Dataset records
╭──

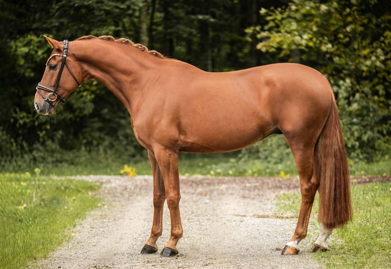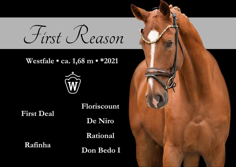 Dear interested parties, For appointment arrangements for trial rides, please send me a WhatsApp message. For further questions, I can be reached via WhatsApp during the day, and by phone best between 4 PM and 7 PM. I look forward to hearing from you. www.angelina-devittorio.de ⭐️First Reason⭐️ Age: 4 years (2021) Height: approx. 1.68 m Pedigree: First Deal x Rational/Don Bedo Training level: DrPf A level Vet check: Good current vet check including X-rays available For sale is a lovable, beautiful four-year-old chestnut gelding with three basic gaits of exceptional quality. This highly talented young horse impresses with an absolutely clear mind and an exceptionally good, reliable character. With his great attitude, willingness to learn, and calmness, he is already a true amateur horse. He presents himself as a very easy training horse with excellent prospects for higher-level sport. His top basic quality and rideability make him a horse that brings joy every day. He shows absolute nerve strength – even in unfamiliar surroundings – and is not easily impressed by external influences. In daily handling as well as under saddle, he impresses with excellent cooperation and a pleasant riding feeling that particularly highlights his quality. For his age, he is already very mature – both mentally and physically – and ready to continue his training in a new home. ⚜️Tel: 0171-3438949 ⚜️a.devittorio@web.de ⚜️https://www.ehorses.de/angelinadevittorio Facebook and Instagram Angelina De Vittorio
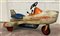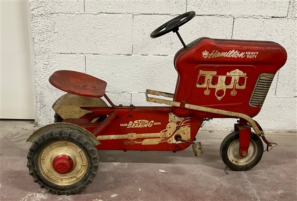 Lotto di due tricicli vintage in metallo smaltato a forma di trattore e di aero
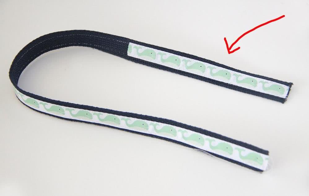 - Аналогичным способом закрепить длинный отрезок на лицевой стороне будущего ремешка.
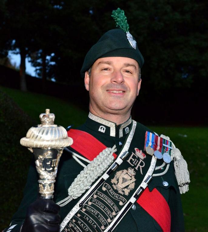 | A thoroughly modern Drum Major holding his Mace and wearing a Baldric (sash) emblazoned with embroidered Regimental Battle Honours. |
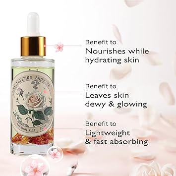 - Experience Skin Rejuvenation: Our body oil is lightweight and non-greasy. Enriched with Rose Extract, it offers nourishment and skin firming. Suitable for both women and men, it is an essential dry body oil for various skincare requirements, ranging from moisturizing to enhancing the skin
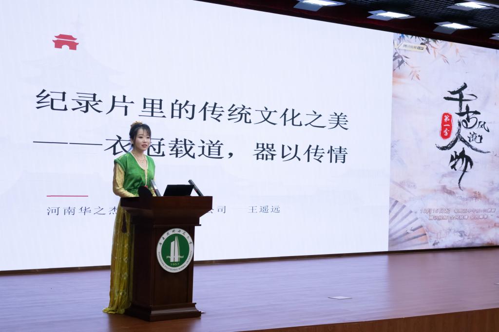 王遥远导演以大型历史文化纪录片《千古风流人物》的创作历程为主线,带领现场师生走进纪录片创作的幕后世界。她以专业的视角生动阐释了“服装、化妆、道具”如何超越其物质属性,成为承载历史的“视觉语言”。通过片中经典人物案例的深入剖析,层层揭示了服饰、器物背后深厚的文化内涵与丰富的情感承载,让在场师生深刻感受到传统文化在光影艺术中的生动再现。
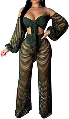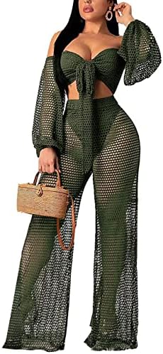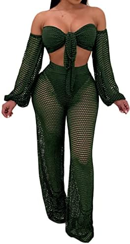 Women’s Elegant Floral Off Shoulder Two Piece Pant Set: Perfect for Beach Vacations and Swimsuit Cover-ups
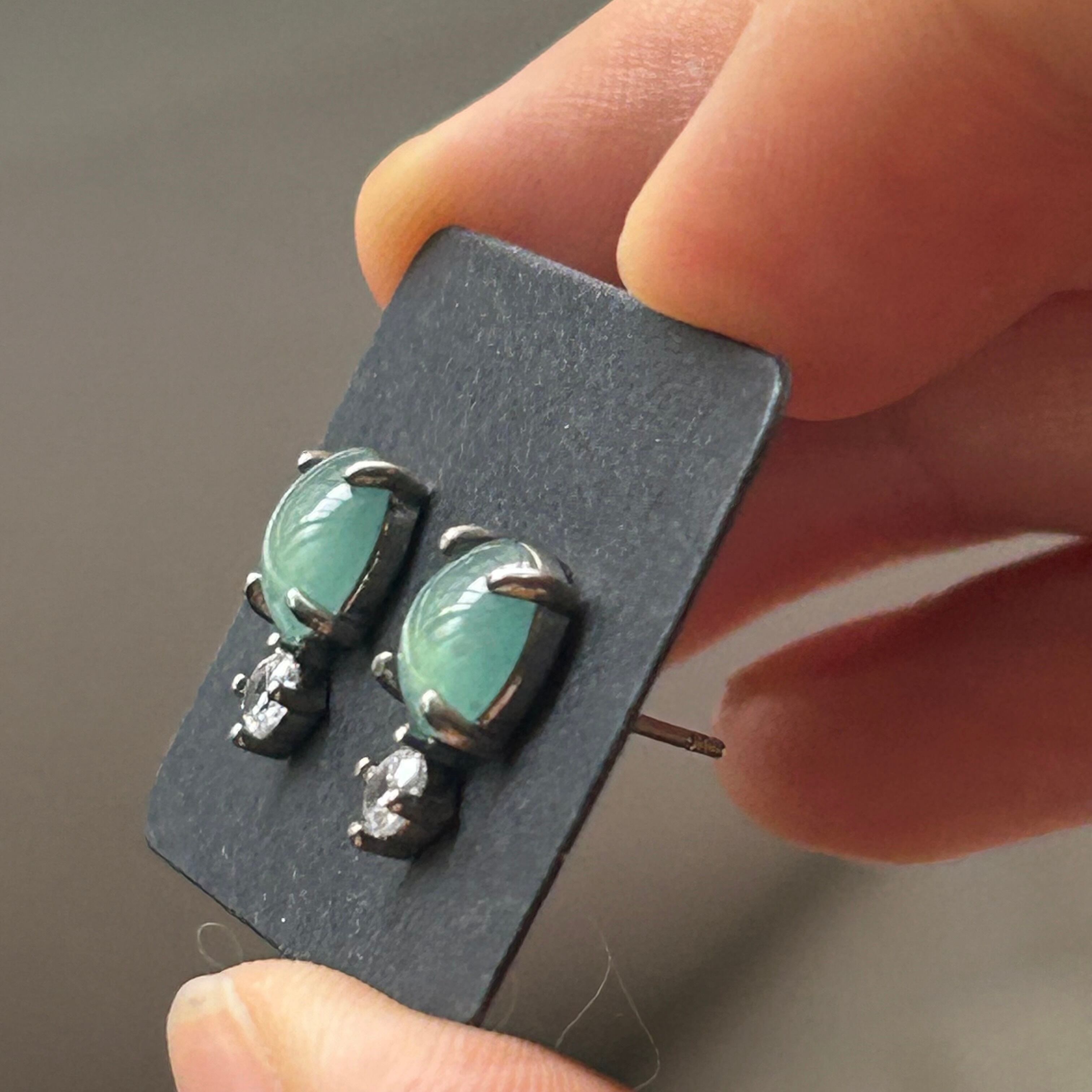 ●翡翠は光線によって、違いが出やすい宝石ですので、違う光線の下で見た感じが少し違います。あらかじめご了承ください。
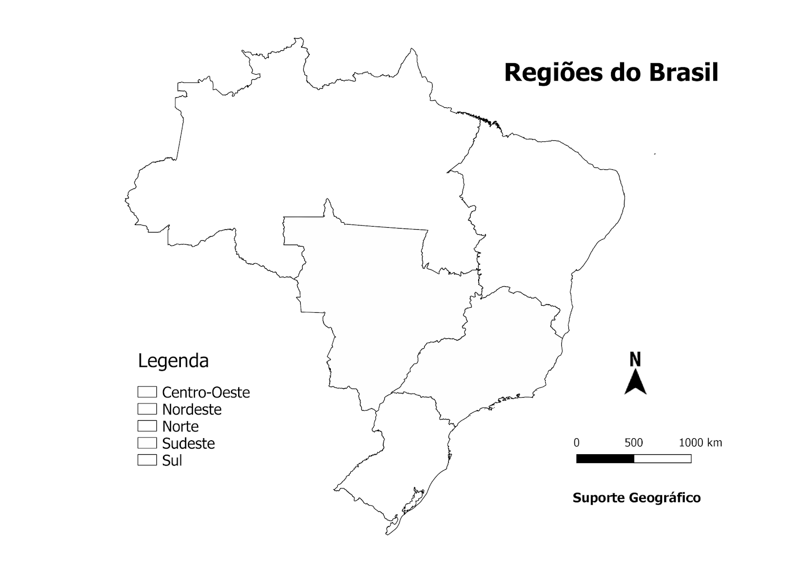 Regiões do Brasil Legenda N Centro-Oeste Nordeste Norte Sudeste 0 500 1000 km Sul Suporte Geográfico
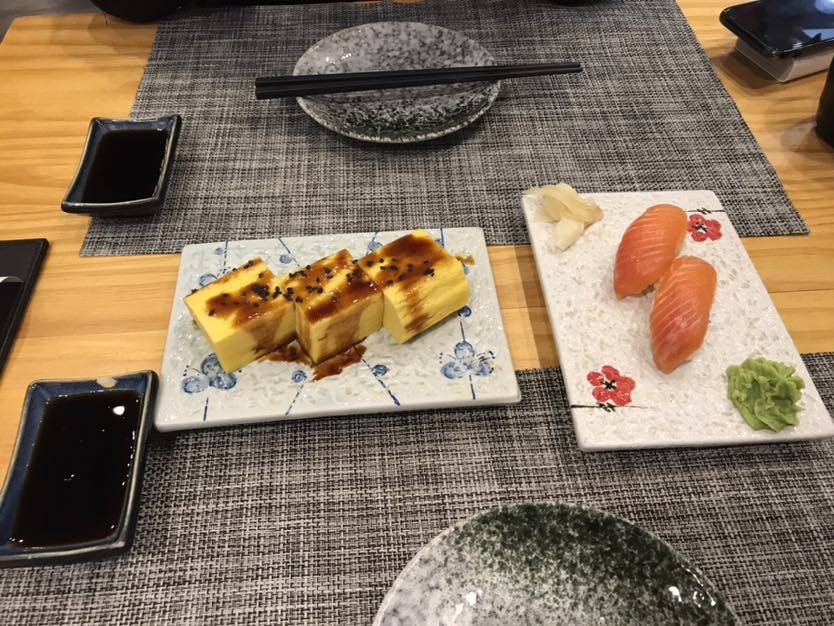 考虑到两个人都不适合大吃大喝,原定的自助餐取消了。最后去吃了日料,定食的。两个人,一份饭,一碗面,一份玉子烧,一条秋刀鱼,两个寿司,一碟豆腐,两碗汤,蔬菜沙拉。以为量少,结果还是吃到撑了。。

╰──

*Exercise description*
When you retype the records, keep every word exactly as written and exclude the pictures.

*Output*
 Dear interested parties, For appointment arrangements for trial rides, please send me a WhatsApp message. For further questions, I can be reached via WhatsApp during the day, and by phone best between 4 PM and 7 PM. I look forward to hearing from you. www.angelina-devittorio.de ⭐️First Reason⭐️ Age: 4 years (2021) Height: approx. 1.68 m Pedigree: First Deal x Rational/Don Bedo Training level: DrPf A level Vet check: Good current vet check including X-rays available For sale is a lovable, beautiful four-year-old chestnut gelding with three basic gaits of exceptional quality. This highly talented young horse impresses with an absolutely clear mind and an exceptionally good, reliable character. With his great attitude, willingness to learn, and calmness, he is already a true amateur horse. He presents himself as a very easy training horse with excellent prospects for higher-level sport. His top basic quality and rideability make him a horse that brings joy every day. He shows absolute nerve strength – even in unfamiliar surroundings – and is not easily impressed by external influences. In daily handling as well as under saddle, he impresses with excellent cooperation and a pleasant riding feeling that particularly highlights his quality. For his age, he is already very mature – both mentally and physically – and ready to continue his training in a new home. ⚜️Tel: 0171-3438949 ⚜️a.devittorio@web.de ⚜️https://www.ehorses.de/angelinadevittorio Facebook and Instagram Angelina De Vittorio
 Lotto di due tricicli vintage in metallo smaltato a forma di trattore e di aero
 - Аналогичным способом закрепить длинный отрезок на лицевой стороне будущего ремешка.
 | A thoroughly modern Drum Major holding his Mace and wearing a Baldric (sash) emblazoned with embroidered Regimental Battle Honours. |
 - Experience Skin Rejuvenation: Our body oil is lightweight and non-greasy. Enriched with Rose Extract, it offers nourishment and skin firming. Suitable for both women and men, it is an essential dry body oil for various skincare requirements, ranging from moisturizing to enhancing the skin
 王遥远导演以大型历史文化纪录片《千古风流人物》的创作历程为主线,带领现场师生走进纪录片创作的幕后世界。她以专业的视角生动阐释了“服装、化妆、道具”如何超越其物质属性,成为承载历史的“视觉语言”。通过片中经典人物案例的深入剖析,层层揭示了服饰、器物背后深厚的文化内涵与丰富的情感承载,让在场师生深刻感受到传统文化在光影艺术中的生动再现。
 Women’s Elegant Floral Off Shoulder Two Piece Pant Set: Perfect for Beach Vacations and Swimsuit Cover-ups
 ●翡翠は光線によって、違いが出やすい宝石ですので、違う光線の下で見た感じが少し違います。あらかじめご了承ください。
 Regiões do Brasil Legenda N Centro-Oeste Nordeste Norte Sudeste 0 500 1000 km Sul Suporte Geográfico
 考虑到两个人都不适合大吃大喝,原定的自助餐取消了。最后去吃了日料,定食的。两个人,一份饭,一碗面,一份玉子烧,一条秋刀鱼,两个寿司,一碟豆腐,两碗汤,蔬菜沙拉。以为量少,结果还是吃到撑了。。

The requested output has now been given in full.